>>>>>

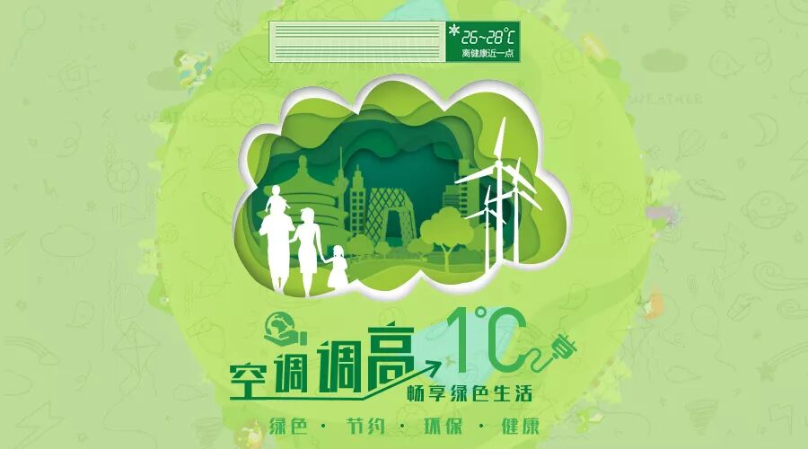 低碳环保,请您把空调调高一度。我国电力主要来源于火力发电,燃煤排放的碳粉尘、二氧化碳、二氧化硫等污染物会造成大气污染。空调温度每提高一度,即可减少相应污染物排放,您就在不经意间为环保事业做了贡献。
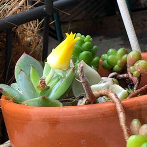 今度は、うちの子🎶 3号鉢の多肉ちゃんにチューリップのようなお花が🌷 花芽が伸びずに咲く、この子のお名前わかりますか?
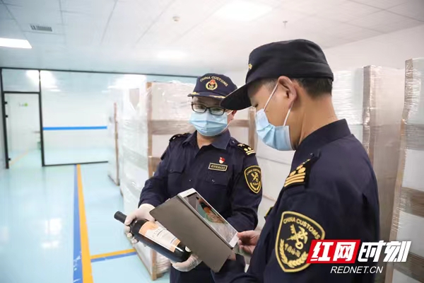 近日,岳阳观盛投资发展有限公司一批进口葡萄酒在清关时,得到查验知识产权商标的指令。长沙海关所属岳阳海关人员利用移动查验单兵集成智能识别应用技术,迅速对该批红酒进行查验并放行。这是岳阳海关在湖南首次对岳阳自贸片区企业应用“移动查验单兵集成知识产权商标智能识别应用”创新成果,将信息化技术运用到监管领域为企业降本减负。
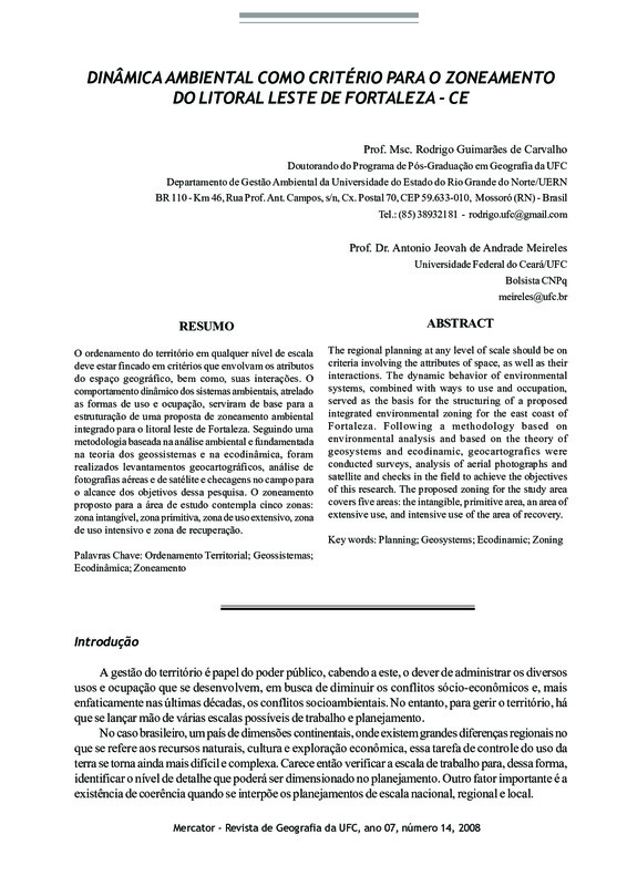 DINÂMICA AMBIENTAL COMO CRITÉRIO PARA O ZONEAMENTO DO LITORAL LESTE DE FORTALEZA - CE (environmental dynamic criteria for planning of east coast of Fortaleza – Ceará - northeast Brazil)
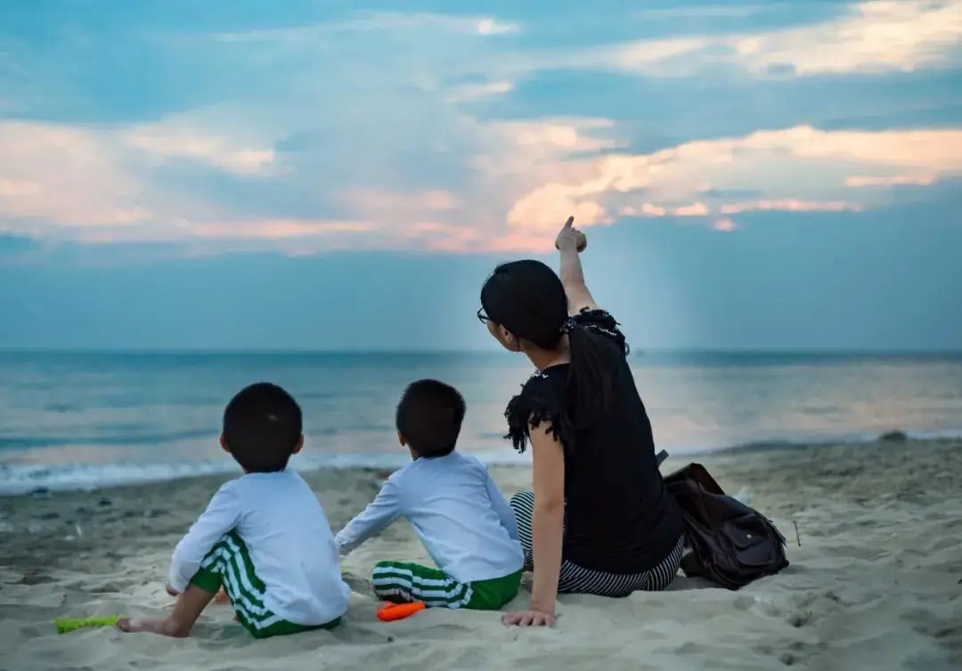 在海水浴场,穿着脸基尼的阿姨们以五彩斑斓的头饰诠释着潮流,沙滩上,孩子们嬉戏着追逐着海浪,欢声笑语与海涛声交织成一片。
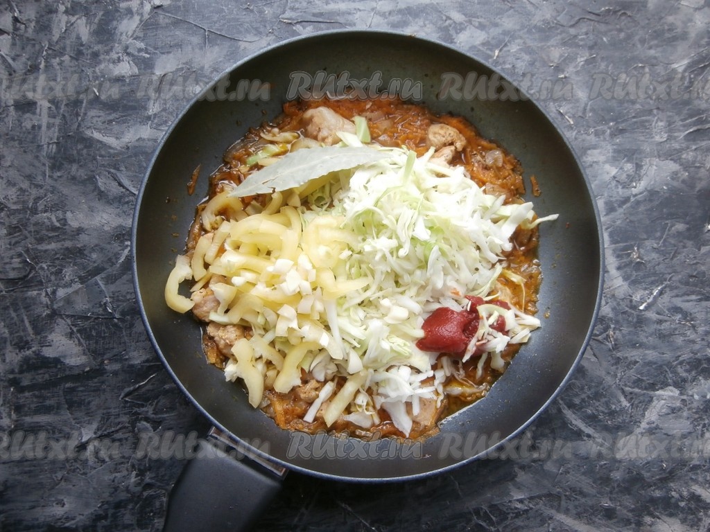 По прошествии времени добавить к мясу нашинкованную капусту, томатную пасту, нарезанный соломкой болгарский перец (по желанию), измельчённый чеснок и лавровый лист, перемешать, протушить на небольшом огне 10-15 минут (до мягкости капусты).
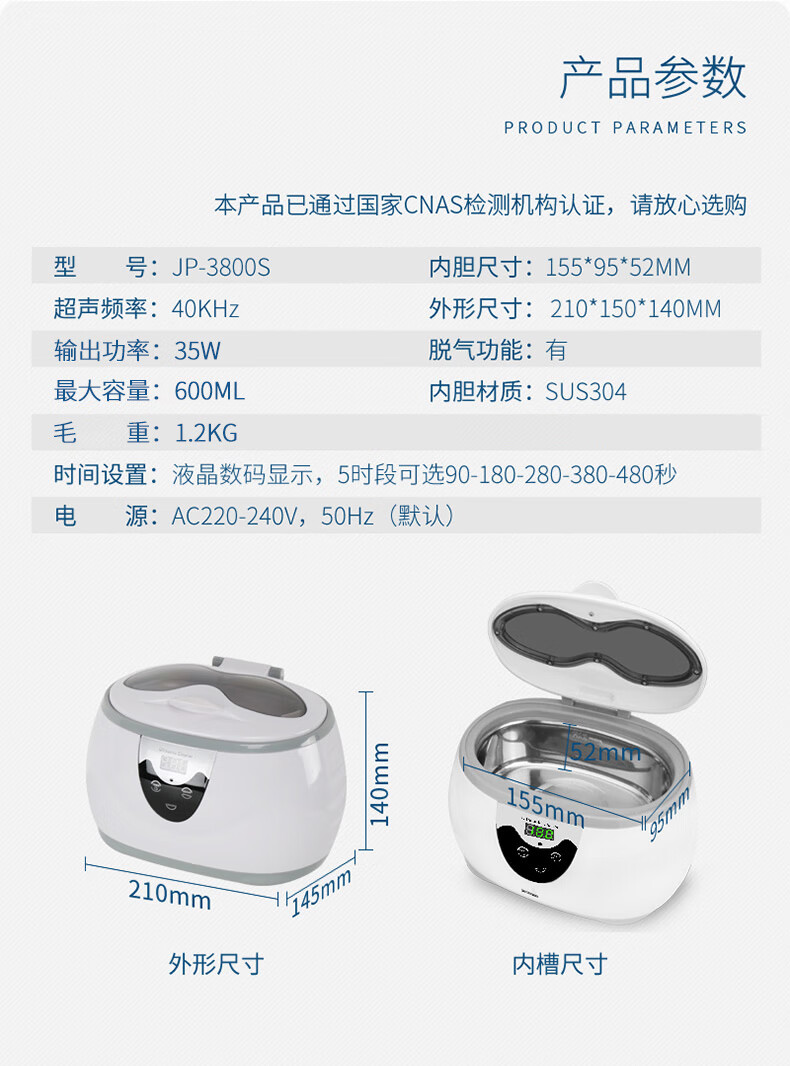 Skymen ultrasonic cleaning machine household glasses cleaning machine jewelry watch denture braces cleaning machine JP-3800S

<<<<<

What the task requires:
Could you transcribe exactly the lines from the line containing "По прошествии времени" through the final line of the records, both included, and nothing beyond them? The pictures should be left out.

Result for this exercise:
 По прошествии времени добавить к мясу нашинкованную капусту, томатную пасту, нарезанный соломкой болгарский перец (по желанию), измельчённый чеснок и лавровый лист, перемешать, протушить на небольшом огне 10-15 минут (до мягкости капусты).
 Skymen ultrasonic cleaning machine household glasses cleaning machine jewelry watch denture braces cleaning machine JP-3800S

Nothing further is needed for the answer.